Award-winning restorative justice serves Oak Bay

Province recognizes Victoria-area team for innovative partnerships

Restorative Justice Victoria with the Restorative Justice Memorial Award

The restorative justice team that serves Oak Bay is doing things well, according to the province.

Restorative Justice Victoria, which covers Oak Bay, Victoria, Esquimalt and some work on the West Shore, earned the Restorative Justice Memorial Award during the province’s annual Community Safety and Crime Prevention Awards.

“It’s a valuable recognition I think because for one thing it’s nice the province is acknowledging the work being done by restorative justice programs. There hasn’t always been that recognition,” said Gillian Lindquist, executive director for RJV. “It’s nice that it’s coming from the province and they’re recognizing good restorative justice work out there in the community. Often you get lots of recognition from the community and your community partners, but it doesn’t feel like the province is paying attention.”

The Restorative Justice Memorial Award recognizes commitment to innovative partnerships that have advanced restorative justice.

“Our goal is to walk about and understand what happened,” Lindquist said  “Usually that involves focusing on two things, how to heal the way people have been harmed. That focuses on the victim … but we do work around the offender and address how and why the offence happened in the first place.”

RJV supports those affected by crime through victim-offender conferencing, peace-making circles, victim-offender mediation and referrals to community services. Through years of research and program development, RJV has developed best practices – providing education to citizens; building partnerships with police, Crown counsel and the community; training facilitators and mentors; and developing and implementing an extensive evaluation program.

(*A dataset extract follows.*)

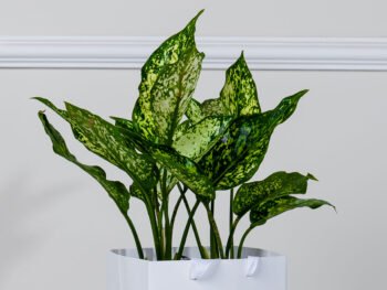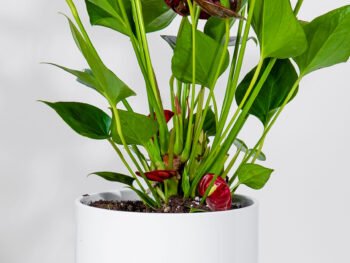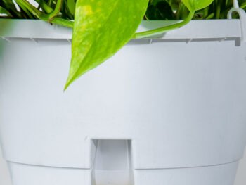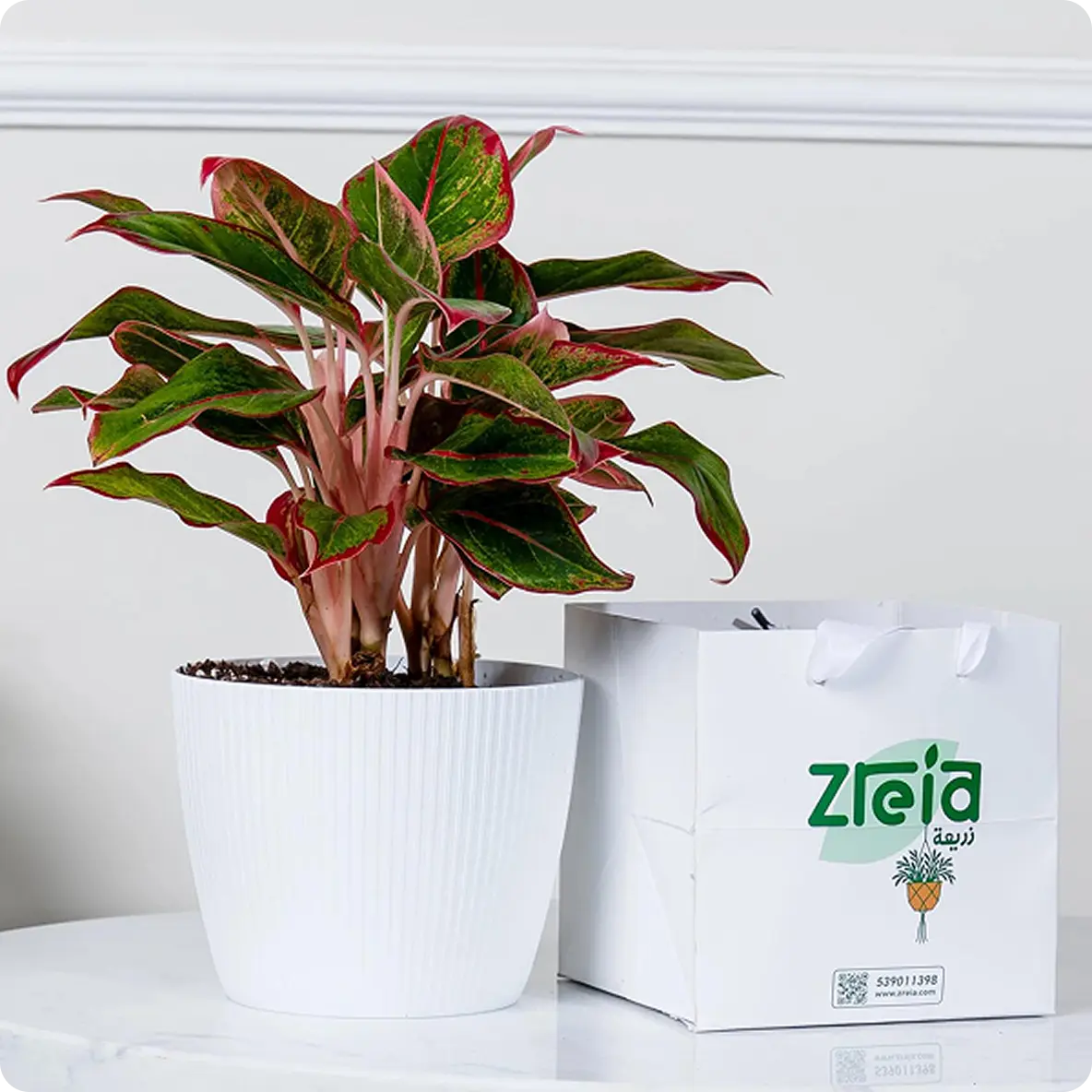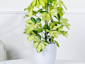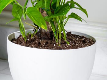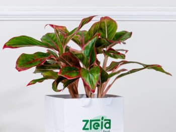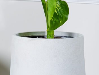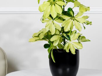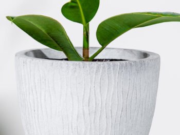 نبتة الزاميا السوداء في حوض فايبر جلاس أبيض انيق

“What’s awesome about B.C. is it’s by the community for the community, and (the programs are) really responsive to their individual community’s needs,” she said.

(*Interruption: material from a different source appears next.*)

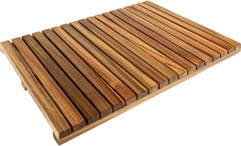 Protiskluzová koupelnová podložka z akáciového dřeva 53x36 cm - vysoká kvalita materiálů zajišťující trvanlivost a odolnost proti vlhkostiVysoká kvalita materiálů: Koupelnová podložka ACACIA je vyrobena z akáciového dřeva, což zajišťuje trvanlivost a odolnost proti vlhkosti. Díky tomu se produkt ideálně hodí do koupelny, vytváří příjemnou atmosféru.Optimální rozměry: Rozměry 53 x 36 x 3 cm činí podložku kompaktní a snadno umístitelnou v různých prostorech. Skvěle se hodí do malých koupelen, kde má každý centimetr význam.Bezpečný povrch: Díky použití protiskluzových podložek z TPE/TPR podložka zajišťuje stabilitu a bezpečnost během používání. Můžete si užívat komfort bez obav z uklouznutí.Estetický design: Přírodní akáciové dřevo dodává podložce elegantní vzhled, který se skvěle hodí do různorodých interiérových aranžmá. Přidá charakter každé koupelně, vytváří útulnou atmosféru.Snadná údržba: Podložka je snadno čistitelná a udržovatelná, což zajišťuje, že si zachovává svůj estetický vzhled po dlouhou dobu. Stačí ji otřít vlhkým hadříkem, abyste si užili její svěžest. Badematte lattenrost "blackacia" 53x36cm aus akazienholz - 5 five simply smart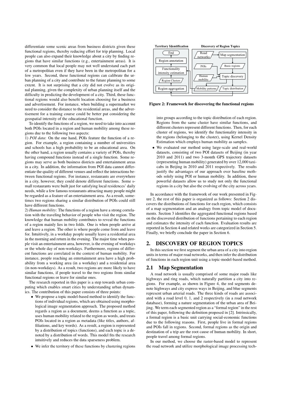 根据图2所示的我们的工作框架,本文的其余部分组织如下:第2节发现了每个区域的函数分布,包括地图分割和来自文档主题模型的类比。第3节基于发现的与每个区域相关的功能分布来识别聚集的功能区域,并估计每个功能的强度。第4节报告了评估结果,第5节对相关工程进行了分类。最后,我们在第6节对论文进行了简要的总结。

Despite the best intentions, the individual community nature of B.C. restorative justice programs sometimes leaves a lack of consistent, quality programs with evaluations in place and reliance on research and evidence-based practices. The awards recognize the extra effort.

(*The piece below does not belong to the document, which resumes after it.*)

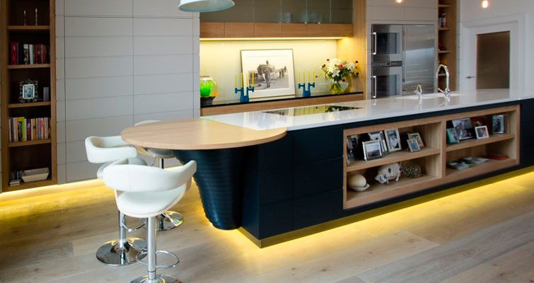 Sua cozinha poderá ganhar muito charme se você contornar com LED a ilha central da cozinha ou a bancada. Um toque imediato de modernidade ao local.

“They want programs to keep that grassroots feel and be responsive to their community but want to demonstrate they’re doing safe and valuable restorative justice practices,” Lindquist said.

The provincial awards acknowledge the efforts of volunteers, non-profit organizations and other local public safety partners that are integral to reducing crime, violence and victimization in the community and provide critical support to the efforts of law enforcement and others in the justice sector.

These efforts complement significant investments in the provincial Guns and Gangs Strategy, policing, community safety and victim services, which are supporting safer and stronger communities throughout B.C.

“Each individual and organization we’re honouring through Community Safety and Crime Prevention Awards has set a stellar example – engaging constructively in various ways to build community and help ensure the safety of young, marginalized and vulnerable people,” said Mike Morris, Minister of Public Safety and Solicitor General. “By sharing the stories of how much our award winners have done, I’m hopeful we’ll inspire other British Columbians to champion public safety causes in their regions and communities.”